Excerpts from an Interview with Percy

These are a few of my favorite responses by Percy from his interview with Linda Whitney Hobson in 1985.

Q: Why especially [the peculiar predicament of the late twentieth-century man] in the South?
A: Well, in writing The Second Coming, I found the South, and particularly North Carolina, a valuable setting because of the peculiar confluence of two things that have happened in the South in the past ten or twenty years: number one, what's been called the power shift--the shift of power and money to the South. For the first time since the Civil War, the South is getting rich. And the other thing is the tremendous re-Christianization of the South--high-powered evangelical Christianity. Thus, it's of value to me to take a man like Will Barrett and set him down in the South: he finds himself in what the psychiatrists call a "double bind"--a no-win situation. From the beginning, and all through his life he has experienced a loss of sovereignty which has occurred in the lives of most of us as well, even though we appear to be freer, to have more, to be more individualistic, to have access to more than any people on earth. Despite this, a loss of sovereignty has occurred so that we are more subject to invisible authority--scientists and so forth. We now think of what one should do in a certain situation, not what I should do. Will Barrett is a man who, whatever his faults, has reclaimed sovereignty; he demands to know what it's all about--and he always has.

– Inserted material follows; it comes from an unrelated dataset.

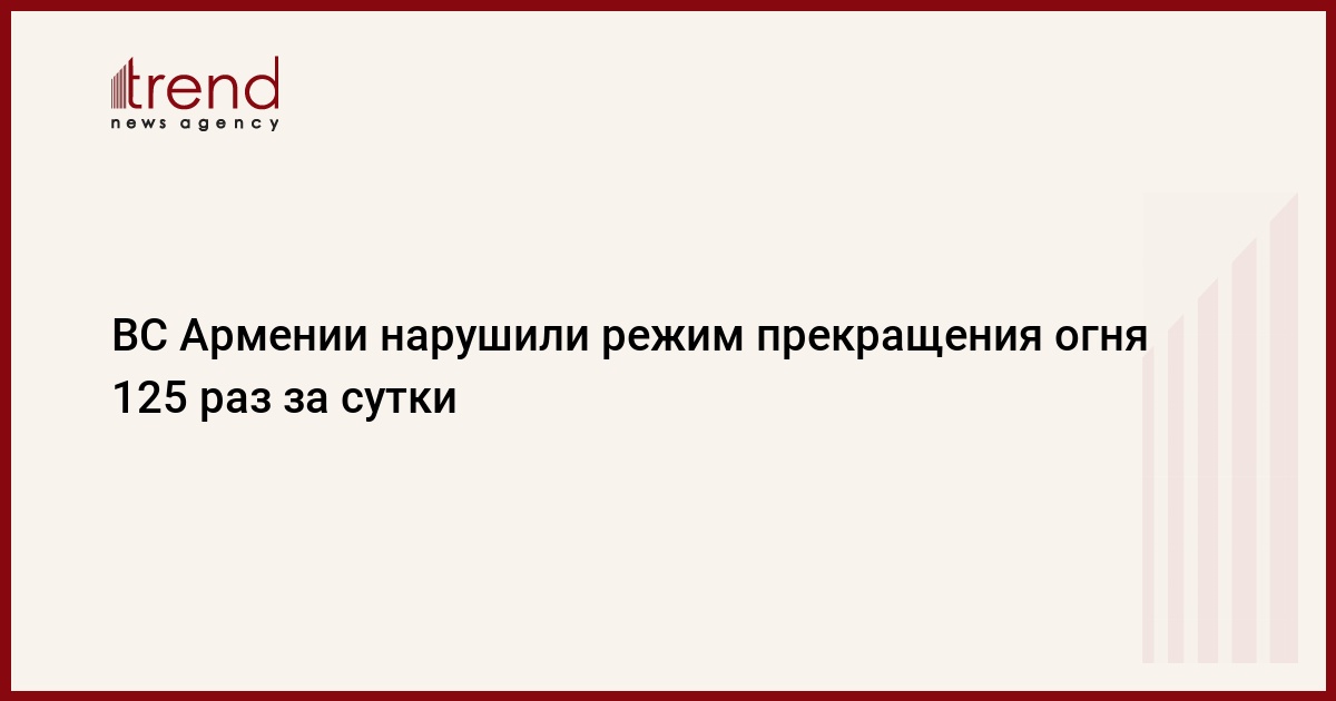 БАКУ /Trend/ - ВС Армении за минувшие сутки нарушили режим прекращения огня на различных направлениях линии соприкосновения азербайджанских и армянских войск 125 раз, говорится в сообщении пресс-службы минобороны Азербайджана, распространенном в среду.

Q: As long as we're discussing dramatic conflict, let's discuss the conflict between you and classical psychiatry. The relationship between Will and Allie in The Second Coming seems to belie what psychologists and psychiatrists counsel people to do these days. They tell people to sit down and come to know and approve of themselves by themselves, and there's a fallacy in that kind of solitary pep talk.
A: Yes. You have to define that self through ordeal, which the psychologists don't tell people. And God knows, it takes an awful lot of ordeal--Will has to almost shoot himself and Allie has to go crazy--and what I'm saying is that it takes an awful lot these days to come to a sense of self. It doesn't do any good to be told how to live, and it doesn't do any good to tell yourself how to live. You have to learn it yourself, through ordeal. And the language fails, unless you do it by ordeal.

1 comment:

  1. I like that; I agree. I would add you have to learn through ordeal in community; which is why the Church and the Gospel's implications are so powerful if embraced this way.